● Task details: Copy task for the material below: print the line with "Description: This Colt" and every line after it to the end, exactly as written, without the pictures.

● Supplied records:
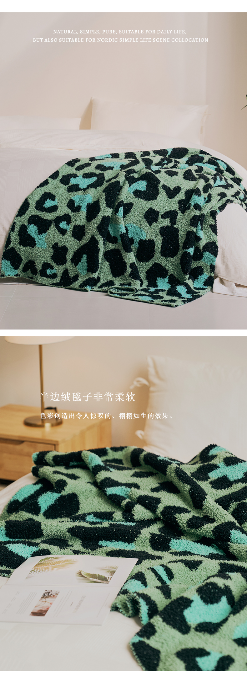 商品名称:暖绵绵2025新款彩豹半边绒休闲毯子空调毯 彩豹-绿色
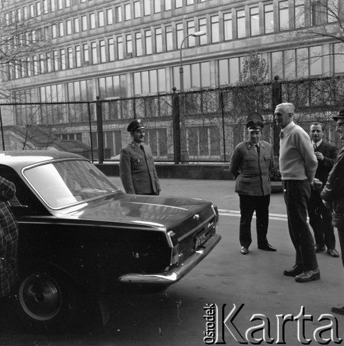 Muzeum Narodowe, przyjazd obrazu Leonarda da'Vinci "Dama z łasiczką", przed wejściem do MNW, pierwszy z lewej stoi Henryk Brandys, główny inwentaryzator MNW, dalej dr Marek Rostworowski z Muzeum Narodowego w Krakowie (kustosz zbiorów Czartoryskich, późniejszy minister kultury).
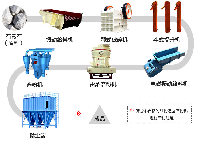 大塊的石膏石原料在給料機的作用下,并均勻、連續的送入顎式破碎機進行粗碎加工,破碎后的石膏石在斗式提升機的作用下被送入料倉,之后由電磁振動給料機均勻、定量的送到雷蒙磨粉機進行磨粉加工,經磨粉后的粉末在鼓風機的租用下吹向分析機進行分選,分選后的物料由廣島輸送到大旋風收粉器,后經出料口輸出。
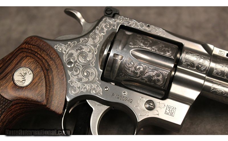 Description: This Colt Python features armory engraving throughout with a 6" barrel. .357 Magnum SOLD Metal Condition: Excellent Wood Condition: Excellent Bore Condition: Excellent Barrels: 6 Weight: 3lbs Item Location: Broken Arrow, OK |
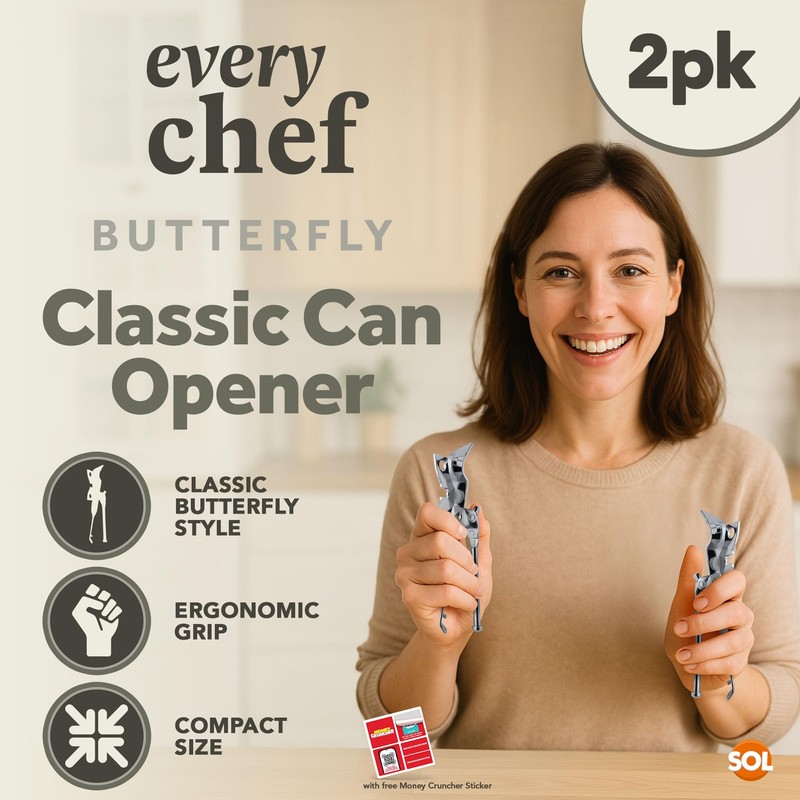 SOL 2pk Butterfly Classic Can Opener – Manual Tin Opener with Traditional Butterfly Design for Easy Opening – Durable Kitchen Tool for Tins, Cans & Food Prep, Compact & Easy to Use

● Reply to the task:
 Description: This Colt Python features armory engraving throughout with a 6" barrel. .357 Magnum SOLD Metal Condition: Excellent Wood Condition: Excellent Bore Condition: Excellent Barrels: 6 Weight: 3lbs Item Location: Broken Arrow, OK |
 SOL 2pk Butterfly Classic Can Opener – Manual Tin Opener with Traditional Butterfly Design for Easy Opening – Durable Kitchen Tool for Tins, Cans & Food Prep, Compact & Easy to Use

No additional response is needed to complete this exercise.